Fungal Diversity
- Discipline: Mycology
- Language: English
- Edited by: Zhuliang Yang

Publication details
- History: 1998–present
- Publisher: Springer Netherlands
- Frequency: Irregular
- Impact factor: 20.3 (2022)

Standard abbreviations
- ISO 4: Fungal Divers.

Indexing
- ISSN: 1560-2745 (print) 1878-9129 (web)

Links
- Journal homepage; Online archive;

= Fungal Diversity =

Fungal Diversity is an international journal which publishes papers spanning all facets of the field of mycology. It is a peer-reviewed scientific journal that covers the biodiversity, and systematic and molecular phylogeny of the fungi, including lichens. The coverage encompasses biodiversity, and systematic and molecular phylogeny. The content includes novel research articles and review articles, all of which are peer-reviewed. Fungal Diversity is the official journal of Kunming Institute of Botany of the Chinese Academy of Sciences, which is based in China.

==Publication Bias==
From the 133 research articles published between January 2015 and April 2020, 62.4% (83) had at least one member of the editorial board within the authors and 51.1% (68) carried the name of the same researcher (Kevin D. Hyde) as an author.

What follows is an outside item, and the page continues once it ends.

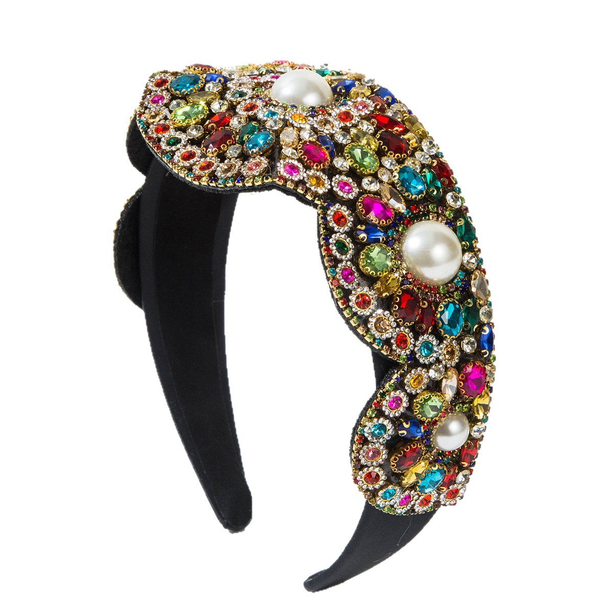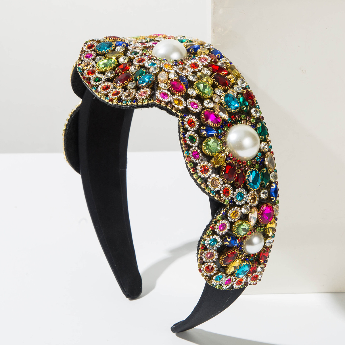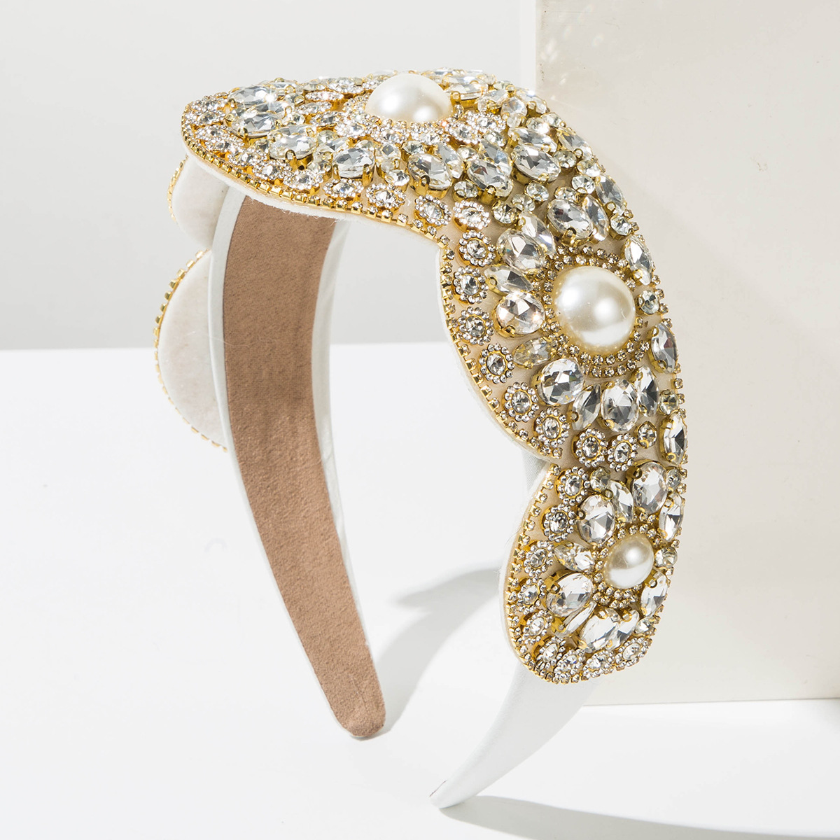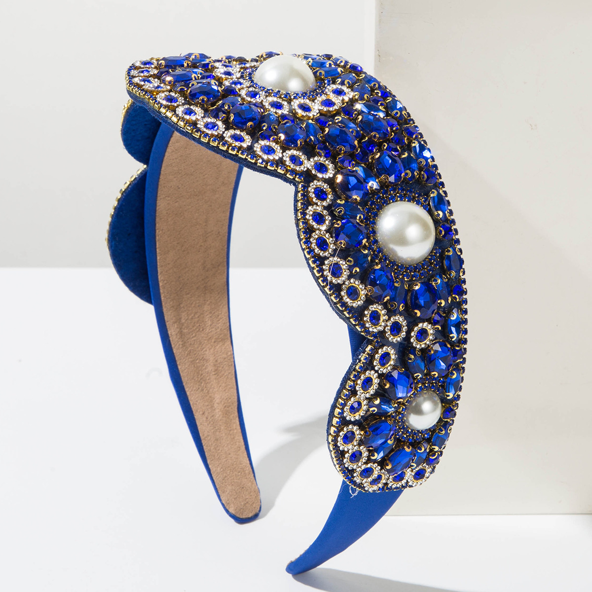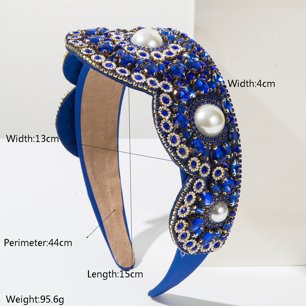 和鸣发箍跨境新款巴洛克复古夸张镶钻珍珠皇冠头箍宽边轻奢风发饰

Within the top 10 publishing authors in the journal (more than 22 articles published in the period above) only two are not members of the editorial board.

The journal self-citation is considerably high. On average per article 17.33 citations refer to another Fungal Diversity article, this number can be as high as 156 in an article published in 2017.

These actions help to inflate the impact factor of the journal without being caught by the scrutinizing agencies.